━━━ Source data
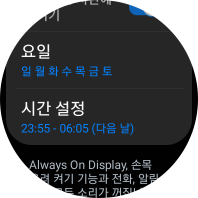 워치는 폰 AOD처럼 켜지고 꺼지는 시간을 지정할 수 있는게 아니라서 말이죠.
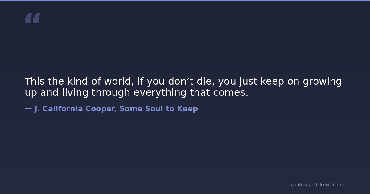 This the kind of world, if you don’t die, you just keep on growing up and living through everything that comes.
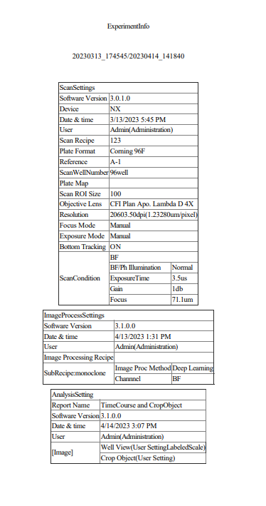 选择感兴趣的单克隆孔导出单克隆生长追踪报告,并附有详细实验数据信息,为溯源单克隆生长提供证据记录。
━━━━━━
Leave out all pictures, then copy the remaining material exactly.

◆ **Exercise result**
 워치는 폰 AOD처럼 켜지고 꺼지는 시간을 지정할 수 있는게 아니라서 말이죠.
 This the kind of world, if you don’t die, you just keep on growing up and living through everything that comes.
 选择感兴趣的单克隆孔导出单克隆生长追踪报告,并附有详细实验数据信息,为溯源单克隆生长提供证据记录。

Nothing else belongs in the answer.